What have I learned so far, and where do I want go with this? Well, first off, it has taken A Lot Of Time. There is a Part I a Part II and Part III. Hopefully there will be a Part IV.

I hope that those who read this will respond with advice to this noob developer. I spend most of the time in Columbus, Ohio. If you are a developer there, I’d love to get in touch — jxxcarlson at gmail.

Part I. Off and on over the N years of my working life, I had written a bit of code — short bits, first in ancient languages now dead or nearly so, then Lisp, Scheme, C, Objective C, C++, Python, Swift, Ruby, maybe a few more. But they were short programs. The Scripta project, born as Noteshare.io, was different. The code, first written in Rails, gradually became big, then bigger, and finally HUUUGE. At least it was huge for me, a lone novice developer. Not working in my basement, though sometimes it felt that way. By this stage, I had trouble navigating, much less understanding my own code. The Frankenstein was getting off the operating table and coming straight for me, gurgling as it lurched forward. I was no longer in control.

Part II. Well, the last few lines are exaggeration for literary effect, but that is what it felt like. I started looking around for a framework other than Rails that was more suited to my needs, limitations, and tastes. After a few days of Googling an Reading, I settled on Hanami, an open source project lead by Luca Guidi. It took a few days to grok its philosophy and style. But from that point on, rewriting the whole project went smoothly, helped along by the truly wonderful Hanami community. My project was in much better technical shape. It was much easier to add new features and improve old ones while keeping the code organized and beautiful. I was a happy developer once again.

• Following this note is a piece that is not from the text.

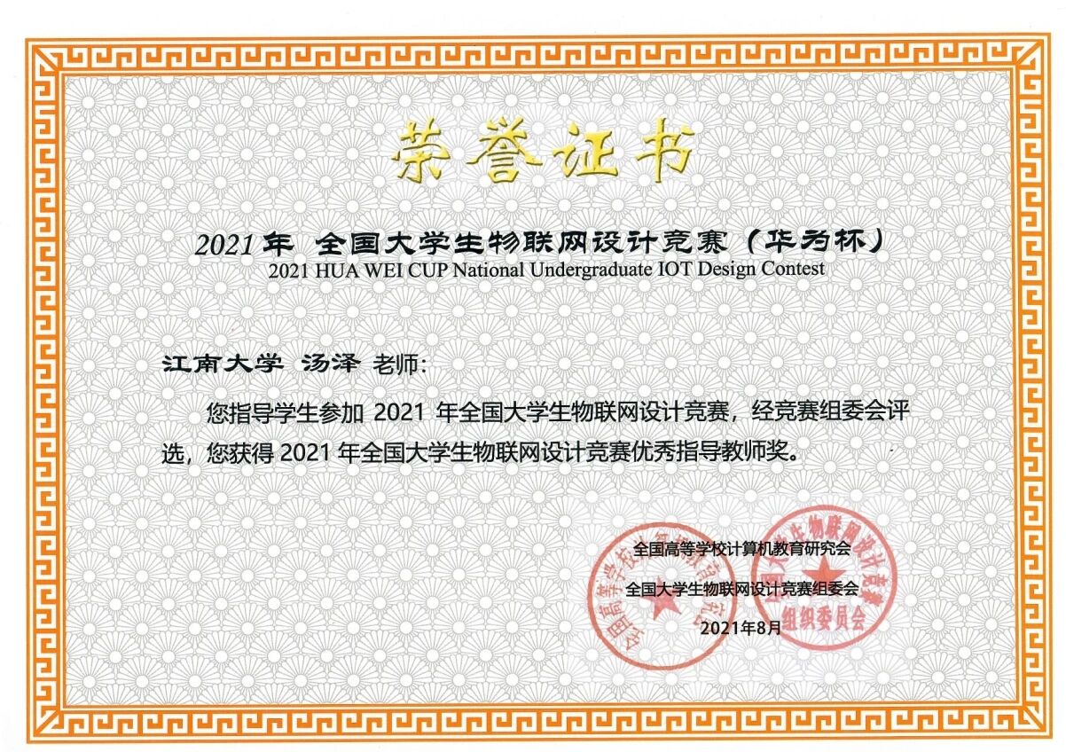 他积极投身并践行教学创新工作,主持校级本科教学改革研究项目1项,校级首批、学院首门研究生在线课程建设项目获批立项,并在国家高等教育智慧教育平台研究生教育板块成功上线。作为副主编出版《物联网技术及应用(第2版)》教材,获江南大学“至善教材奖”,连续5年指导本科生获得校级优秀本科毕业设计(论文)。除了课堂教学之外,汤泽还非常重视学生的科创工作,先后指导国家和省级大创项目6项,指导本科生、研究生科创竞赛30余项,获国家级和省级奖励8项。先后获得江南大学“我最喜爱的老师”、江南大学本科优秀毕业设计(论文)指导教师、全国大学生物联网设计竞赛优秀指导教师、蓝桥杯全国软件和信息技术专业人才大赛优秀指导教师、智能基座-华为云与计算先锋教师等荣誉称号。

Part III. All good so far, but (ahem) what about my user base? It existed, as we mathematicians like to say, but it was small. Minimal perhaps, but definitely not viable. By a stroke of good luck, I had met two young but much more experienced entrepreneurs, J and D, who looked at the site and gave me much needed advice, both technical and human. Part of it can be summarized as Get out of the garage and talk to people. Show them what you are doing. Watch how they use the product. Ask them for advice, and ask them if they know others who might be interested. And they told me about Medium …

I’ve been working on the advice— the usability-for-others part, the talking-to-others part—and already have a few more users. I have a plan — not written, but a strategy that fits in working memory and requires out-of-garage activity. Much, much more to do. But then, with luck and sweat, there will be a Part IV. To be continued.

Lessons learned.

(1) Build one to throw away. I knew the expression, and had even read The Mythical Man Month, a classic from the old days of punched cards and huge rotating disk drives whose wisdom still lives. But when I started, I thought that I was working on the real deal, not one to throw away. For more experienced developers, that is no doubt not needed. But for me it was, and it turned out to be the right decision.

(2) Talk to people. Listen to what they have to say. Thimk about it. Expand your circle of contacts and acquaintances.